Data excerpts:
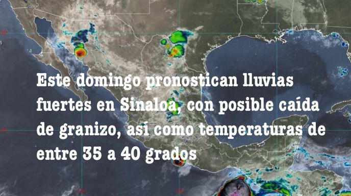 Pacífico Norte: Cielo medio nublado por la mañana y nublado durante la tarde, con lluvias puntuales muy fuertes en Sonora y puntuales fuertes en Sinaloa, con descargas eléctricas y posible caída de granizo en ambas entidades. Ambiente templado por la mañana en la región y ambiente fresco en sierras de Sonora. Por la tarde, dominará ambiente caluroso en Sinaloa y muy caluroso en Sonora. Viento del sur y suroeste de 10 a 25 km/h en la región con rachas de 50 a 60 km/h en Sonora.
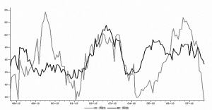 9月份数据显示,我国M2增速继续高于M1增速,反映当前投资意愿低迷,消费受到抑制,居民储蓄持续上升并且存款定期化加剧,M1、M2剪刀差扩大,对银行息差和资产质量构成巨大压力,也使银行的避险意识增强,低风险的贴现票据贷款受到青睐。分析人士认为,银行股难有趋势性机会。
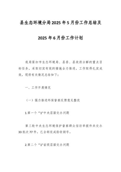 / 县生态环境分局2025年5月份工作总结及2025年6月份工作计划
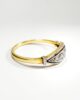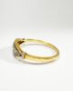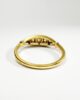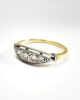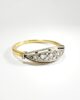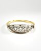 Sublime bague jarretière datant du début du XXème siècle en or 18 carats serties de 5 diamants taille ancienne en serti grain sur or blanc. Le diamant central, pesant 0.05cts est entouré de part et d’autre d’un diamant taille brillant de 0,03 et 0,02 carats, tous étant taille brillant avec une clarté VVSI et un couleur F (quasi incolore). Une pièce classique et intemporelle à la fois, à porter au quotidien seule ou en layering avec d’autres pièces.
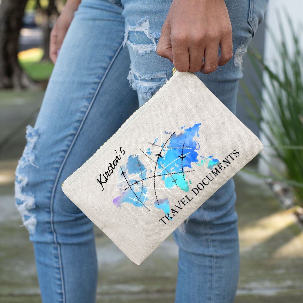 The bag features an elegant gold zipper, adding a touch of sophistication to your travel ensemble. The Personalised text on the bag make it easy to spot in your luggage, ensuring you never misplace your important documents again.
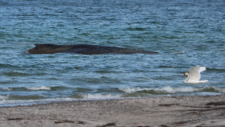 Nicht unterernährt, nicht abgemagert: Ein Buckelwal liegt auf einer Sandbank in der Ostsee. Er kommt nicht weiter. Die Chancen auf die Rettung des Tieres sind gut, sagt Carsten Manheimer von der Tierschutzorganisation Sea-Shepherd. Und erklärt die Details.
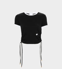 Black organic cotton t-shirt. Ribbed fabric. Crewneck. Contrast collar and cuffs. Side cut-outs with adjustable drawstring. Contrast JP embroidery at the front.
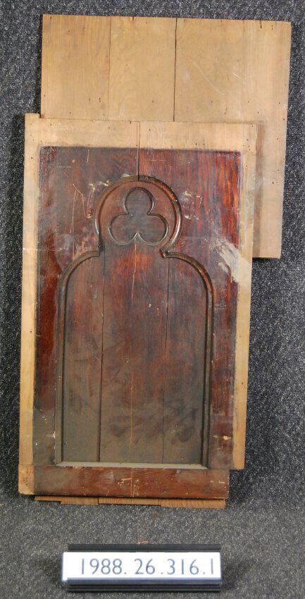 Interior wood panel. Originally part of church choir screen. Gothic revival style. Recessed panel with trefoil. Made of Douglas Fir. Varnished. Type: Inscriptions or Markings: Manufacturer: Place of Manufacture: Design motif: Style: Gothic Finish: Varnished
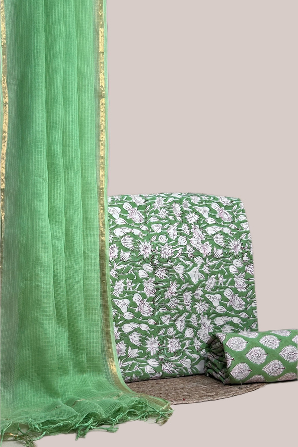 Green – 3pc Kota Doria Dupatta with Blockprint Pure Soft Cotton Top & Bottom Set
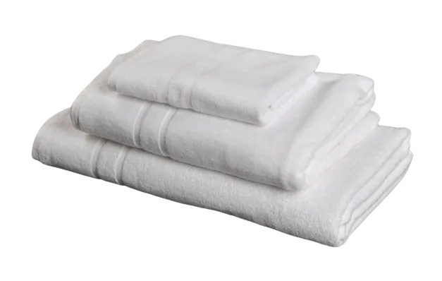 Hotelový ručník z vysoce kvalitního froté (pevná kratší dvojsmyčka, dvojité obšití, schopnost zvládnout několik stovek pracích cyklů), 100% bavlna, 450 g/m2, dva tenké proužky, vyváření na 90 °C.
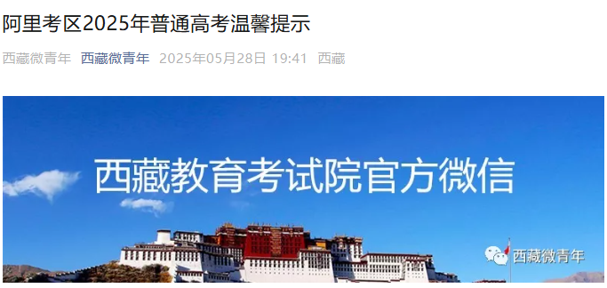 2025年西藏阿里考区高考时间6月7日-9日 准考证领取时间6月3日
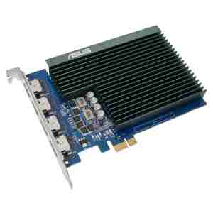 ASUS GeForce GT 730 s 4 vmesniki HDMI in pasivnim hlajenjem za tiho delo z več monitorji.
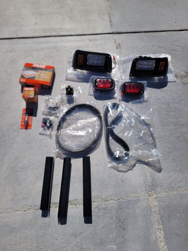 ***Brand New*** Club Car DS Gas Spare Parts - Club Car DS LED upgraded 12V Street Legal Headlights & Tail lights - (1) set Left Right Bottom Golf Cart Windshield Clips - Golf Cart 12V Solenoid (1013609) - Golf Cart Micro Switch Kit (101979101, 1014807, 1014808) - Club Car DS Driven Clutch Belt & Starter Generator Belt (101916701, 1016203) - Club Car DS Driven Clutch Belt (1016203) - Club Car Fuel Impulse Pump (1014523) - Fram Air Filter Replacement (1015426) - Fram Oil Filter Replacement (1016467) -Autolite Spark Plug 64 (101881101)
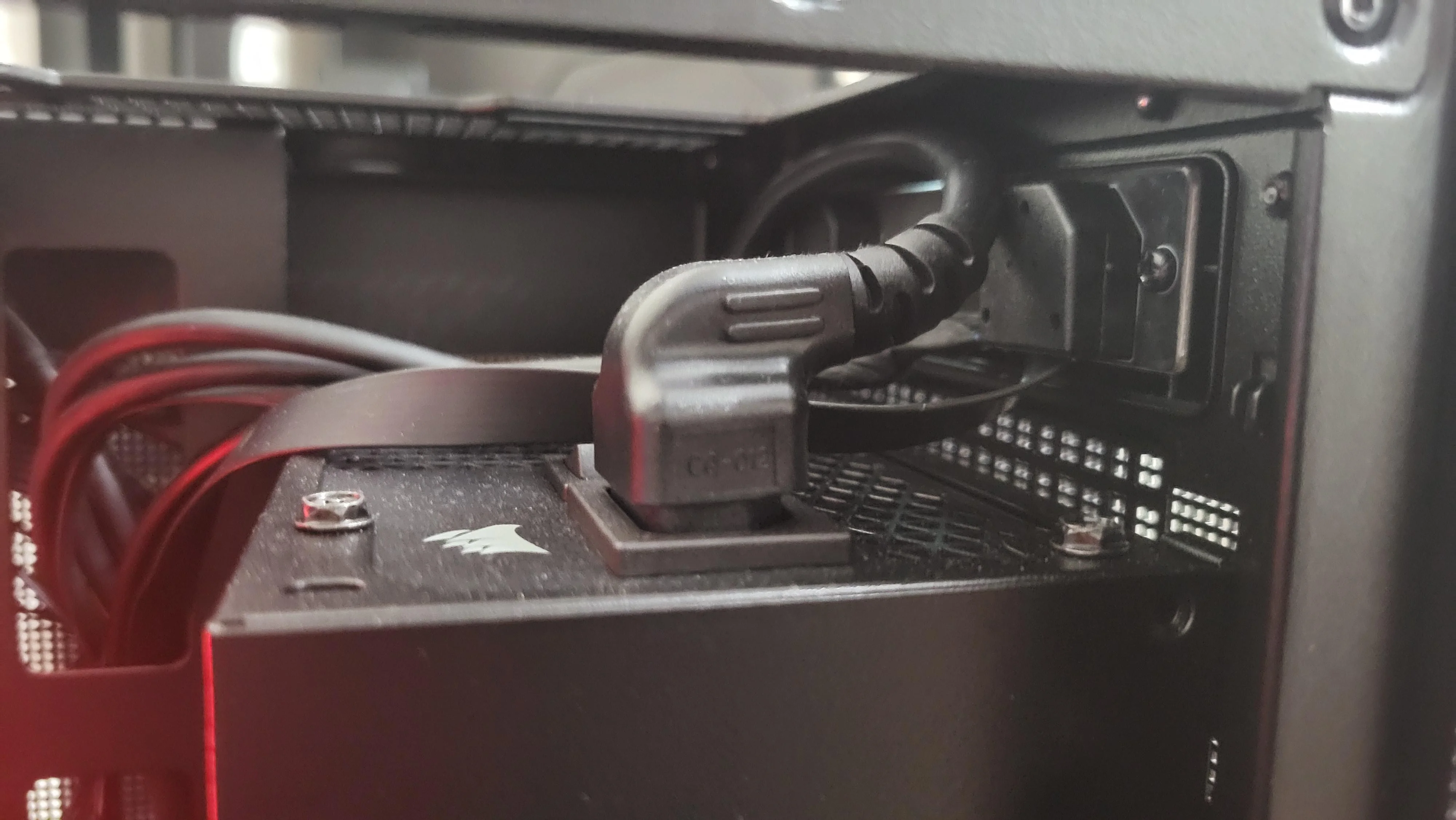 финальная оценка корпусу 8/10, где -1 балл за пидорские клипсы вместо базированных винтов и -1 балл за дизайненный ебланом штекер для бп, который с 99% блоков питания неудобно будет вставляться и шнур будет перегнутый, а на некоторые вообще не встанет, если разворачивать вентилятором на вдув воздуха снаружи. демонстративное фото с реддита с сутью проблемы. хз, чё им мешало вилку по-другому сделать.
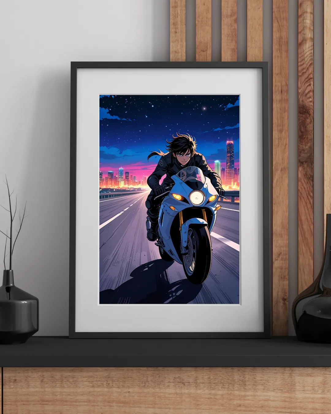 Un joven en moto de velocidad avanza en primer plano por una carretera al amanecer, con la ciudad al fondo y un cielo que mezcla las últimas estrellas de la noche con los primeros rayos del sol, en vibrante estilo anime.
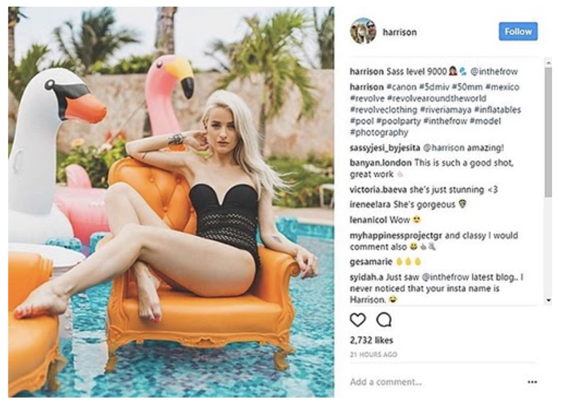 Pengecer pakaian, Revolve, telah secara aktif menggunakan pemasaran influencer untuk branding media sosial mereka. Di masa lalu, mereka bekerja dengan blogger kecantikan seperti Fleur de Force dan In the Frow untuk menjangkau audiens yang lebih luas. Mereka terlihat mengenakan pakaian Revolve dan merinci fitur-fitur menonjol di halaman media sosial mereka.
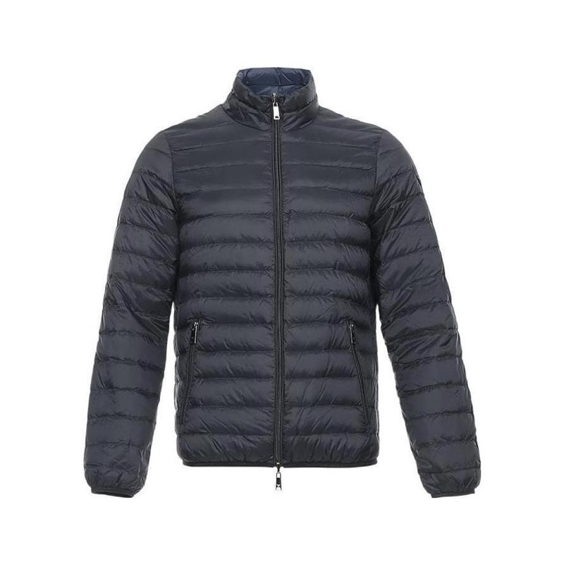 Logo double-sided down jacket, zipper opening and closing, filling.
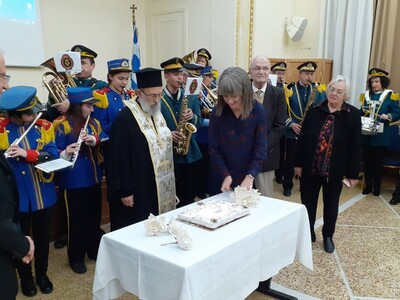 Πολλές ευχές έδωσε ο αιδεσιμότατος π. Αιμίλιος Τσικνής από την Χίο, ο οποίος ευλόγησε την πρωτοχρονιάτικη πίτα.
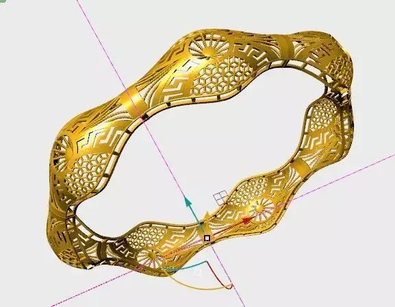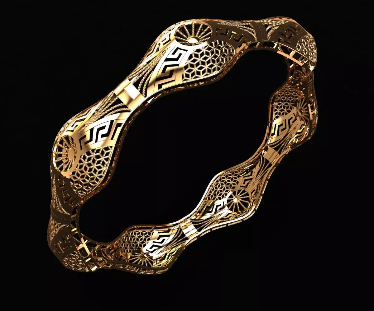 This 3D model presents a luxurious gold bangle with a wavy, undulating silhouette that flows seamlessly around the wrist. The surface is adorned with a rich combination of geometric patterns, floral motifs, and lattice-style cutouts, creating a visually dynamic and culturally inspired design. The interplay of textures and symmetry enhances its elegance, making it ideal for premium collections.
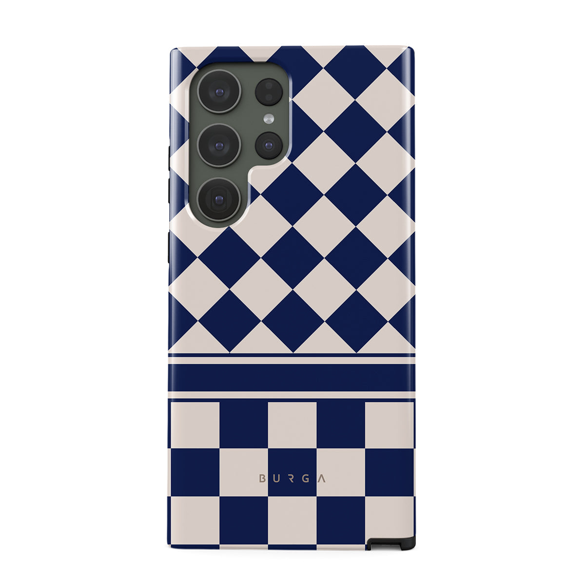 Embrace the essence of subtle luxury with our Check & Mate Samsung Galaxy S23 Ultra phone case design. Blending eggshell and deep blue checkers, it evokes whispers of elegance. While diamonds grace the upper half, the lower half features a timeless chessboard pattern.
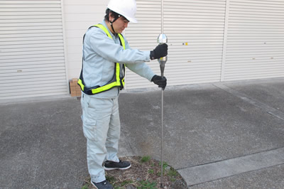 簡易貫入試験 正式には「簡易動的コーン貫入試験」といい、試験機を用いて原位置における地盤の貫入抵抗を求め、簡易な支持力判定に用います。 |
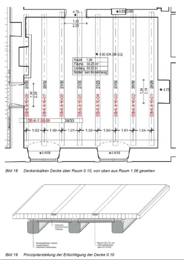 - Herstellung eines ausreichend tragfähigen Balkenauflagers (Carbon-Mauerwerk, Vermeidung von Stahlbeton) und der Ringankerwirkung
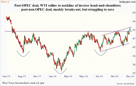 Over the weekend, non-OPEC producers agreed to cut crude output by 558,000 barrels per day, of which Russia would reduce by 300,000 b/d. This followed OPEC’s November 30 decision to cut output by 1.2 million b/d. The deal goes into … Continued
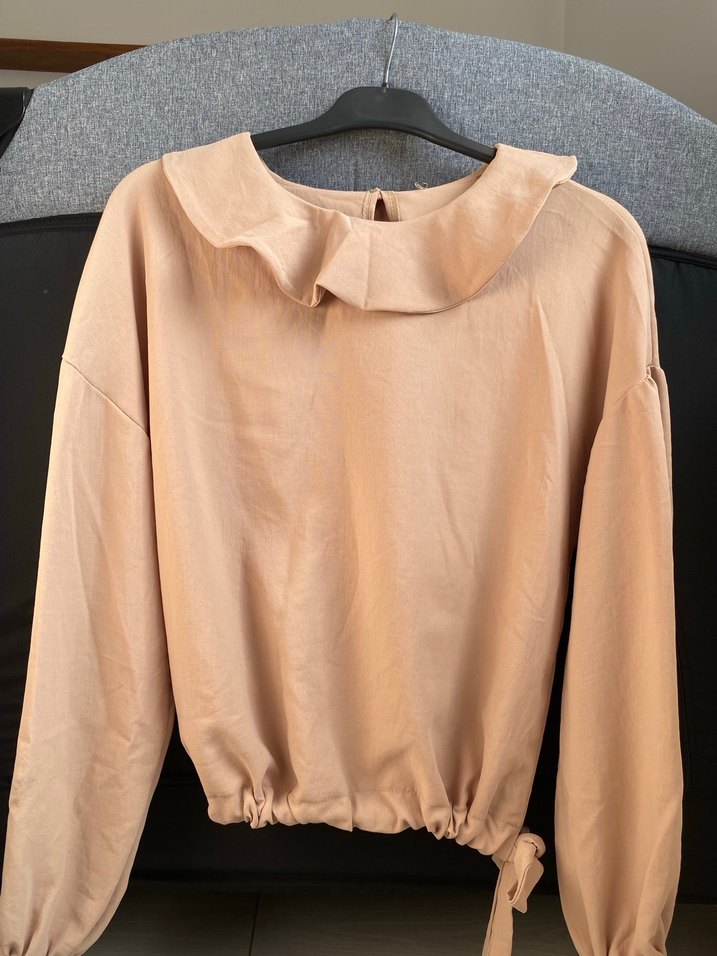 Bej renk keten kumaştan, uzun kollu, salaş kesim kadin bluz. Yaka tipi kayık, drapeli ve normal midi boyda, günlük kullanıma uygundur.
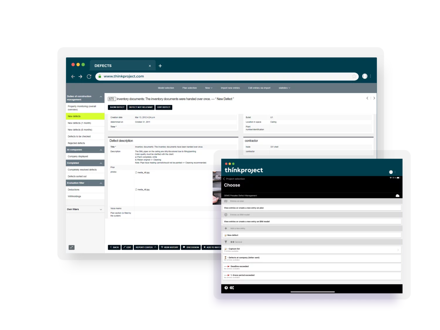 Improve defect processes with project-specific, legal workflows. On-site recording, automatic reports and full transparency via our mobile app keeps everything efficient and ensures proof of performance.
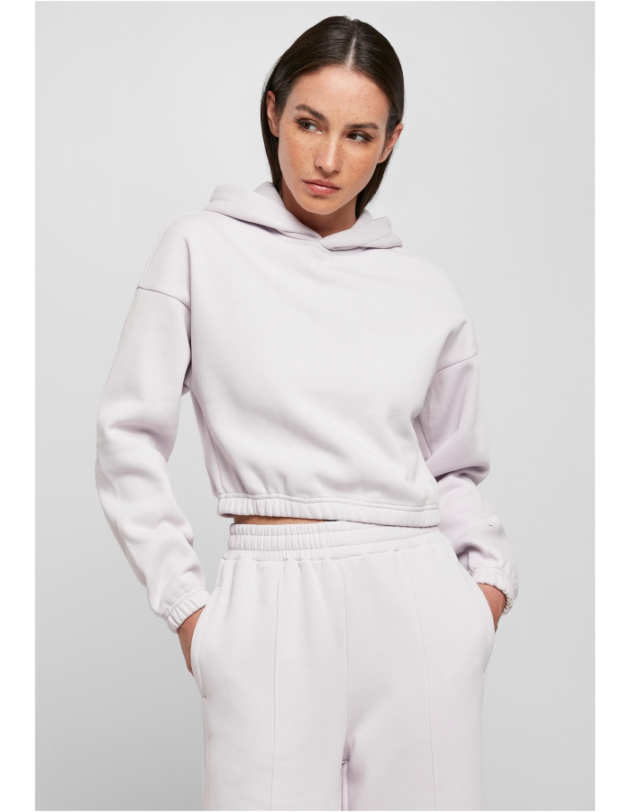 Sportovní a ležérní dámský svetr s kapucí – samozřejmě včetně kapuce a elastických manžet na rukávech a spodním lemu. Zvláště cool: krátký střih a pohodlný oversize střih se spadlými rameny. Dámská mikina s kapucí je vyrobena z hladkého česaného fleecu.

What needs to be done: Reprint every record exactly and skip the pictures.

Reply:
 Pacífico Norte: Cielo medio nublado por la mañana y nublado durante la tarde, con lluvias puntuales muy fuertes en Sonora y puntuales fuertes en Sinaloa, con descargas eléctricas y posible caída de granizo en ambas entidades. Ambiente templado por la mañana en la región y ambiente fresco en sierras de Sonora. Por la tarde, dominará ambiente caluroso en Sinaloa y muy caluroso en Sonora. Viento del sur y suroeste de 10 a 25 km/h en la región con rachas de 50 a 60 km/h en Sonora.
 9月份数据显示,我国M2增速继续高于M1增速,反映当前投资意愿低迷,消费受到抑制,居民储蓄持续上升并且存款定期化加剧,M1、M2剪刀差扩大,对银行息差和资产质量构成巨大压力,也使银行的避险意识增强,低风险的贴现票据贷款受到青睐。分析人士认为,银行股难有趋势性机会。
 / 县生态环境分局2025年5月份工作总结及2025年6月份工作计划
 Sublime bague jarretière datant du début du XXème siècle en or 18 carats serties de 5 diamants taille ancienne en serti grain sur or blanc. Le diamant central, pesant 0.05cts est entouré de part et d’autre d’un diamant taille brillant de 0,03 et 0,02 carats, tous étant taille brillant avec une clarté VVSI et un couleur F (quasi incolore). Une pièce classique et intemporelle à la fois, à porter au quotidien seule ou en layering avec d’autres pièces.
 The bag features an elegant gold zipper, adding a touch of sophistication to your travel ensemble. The Personalised text on the bag make it easy to spot in your luggage, ensuring you never misplace your important documents again.
 Nicht unterernährt, nicht abgemagert: Ein Buckelwal liegt auf einer Sandbank in der Ostsee. Er kommt nicht weiter. Die Chancen auf die Rettung des Tieres sind gut, sagt Carsten Manheimer von der Tierschutzorganisation Sea-Shepherd. Und erklärt die Details.
 Black organic cotton t-shirt. Ribbed fabric. Crewneck. Contrast collar and cuffs. Side cut-outs with adjustable drawstring. Contrast JP embroidery at the front.
 Interior wood panel. Originally part of church choir screen. Gothic revival style. Recessed panel with trefoil. Made of Douglas Fir. Varnished. Type: Inscriptions or Markings: Manufacturer: Place of Manufacture: Design motif: Style: Gothic Finish: Varnished
 Green – 3pc Kota Doria Dupatta with Blockprint Pure Soft Cotton Top & Bottom Set
 Hotelový ručník z vysoce kvalitního froté (pevná kratší dvojsmyčka, dvojité obšití, schopnost zvládnout několik stovek pracích cyklů), 100% bavlna, 450 g/m2, dva tenké proužky, vyváření na 90 °C.
 2025年西藏阿里考区高考时间6月7日-9日 准考证领取时间6月3日
 ASUS GeForce GT 730 s 4 vmesniki HDMI in pasivnim hlajenjem za tiho delo z več monitorji.
 ***Brand New*** Club Car DS Gas Spare Parts - Club Car DS LED upgraded 12V Street Legal Headlights & Tail lights - (1) set Left Right Bottom Golf Cart Windshield Clips - Golf Cart 12V Solenoid (1013609) - Golf Cart Micro Switch Kit (101979101, 1014807, 1014808) - Club Car DS Driven Clutch Belt & Starter Generator Belt (101916701, 1016203) - Club Car DS Driven Clutch Belt (1016203) - Club Car Fuel Impulse Pump (1014523) - Fram Air Filter Replacement (1015426) - Fram Oil Filter Replacement (1016467) -Autolite Spark Plug 64 (101881101)
 финальная оценка корпусу 8/10, где -1 балл за пидорские клипсы вместо базированных винтов и -1 балл за дизайненный ебланом штекер для бп, который с 99% блоков питания неудобно будет вставляться и шнур будет перегнутый, а на некоторые вообще не встанет, если разворачивать вентилятором на вдув воздуха снаружи. демонстративное фото с реддита с сутью проблемы. хз, чё им мешало вилку по-другому сделать.
 Un joven en moto de velocidad avanza en primer plano por una carretera al amanecer, con la ciudad al fondo y un cielo que mezcla las últimas estrellas de la noche con los primeros rayos del sol, en vibrante estilo anime.
 Pengecer pakaian, Revolve, telah secara aktif menggunakan pemasaran influencer untuk branding media sosial mereka. Di masa lalu, mereka bekerja dengan blogger kecantikan seperti Fleur de Force dan In the Frow untuk menjangkau audiens yang lebih luas. Mereka terlihat mengenakan pakaian Revolve dan merinci fitur-fitur menonjol di halaman media sosial mereka.
 Logo double-sided down jacket, zipper opening and closing, filling.
 Πολλές ευχές έδωσε ο αιδεσιμότατος π. Αιμίλιος Τσικνής από την Χίο, ο οποίος ευλόγησε την πρωτοχρονιάτικη πίτα.
 This 3D model presents a luxurious gold bangle with a wavy, undulating silhouette that flows seamlessly around the wrist. The surface is adorned with a rich combination of geometric patterns, floral motifs, and lattice-style cutouts, creating a visually dynamic and culturally inspired design. The interplay of textures and symmetry enhances its elegance, making it ideal for premium collections.
 Embrace the essence of subtle luxury with our Check & Mate Samsung Galaxy S23 Ultra phone case design. Blending eggshell and deep blue checkers, it evokes whispers of elegance. While diamonds grace the upper half, the lower half features a timeless chessboard pattern.
 簡易貫入試験 正式には「簡易動的コーン貫入試験」といい、試験機を用いて原位置における地盤の貫入抵抗を求め、簡易な支持力判定に用います。 |
 - Herstellung eines ausreichend tragfähigen Balkenauflagers (Carbon-Mauerwerk, Vermeidung von Stahlbeton) und der Ringankerwirkung
 Over the weekend, non-OPEC producers agreed to cut crude output by 558,000 barrels per day, of which Russia would reduce by 300,000 b/d. This followed OPEC’s November 30 decision to cut output by 1.2 million b/d. The deal goes into … Continued
 Bej renk keten kumaştan, uzun kollu, salaş kesim kadin bluz. Yaka tipi kayık, drapeli ve normal midi boyda, günlük kullanıma uygundur.
 Improve defect processes with project-specific, legal workflows. On-site recording, automatic reports and full transparency via our mobile app keeps everything efficient and ensures proof of performance.
 Sportovní a ležérní dámský svetr s kapucí – samozřejmě včetně kapuce a elastických manžet na rukávech a spodním lemu. Zvláště cool: krátký střih a pohodlný oversize střih se spadlými rameny. Dámská mikina s kapucí je vyrobena z hladkého česaného fleecu.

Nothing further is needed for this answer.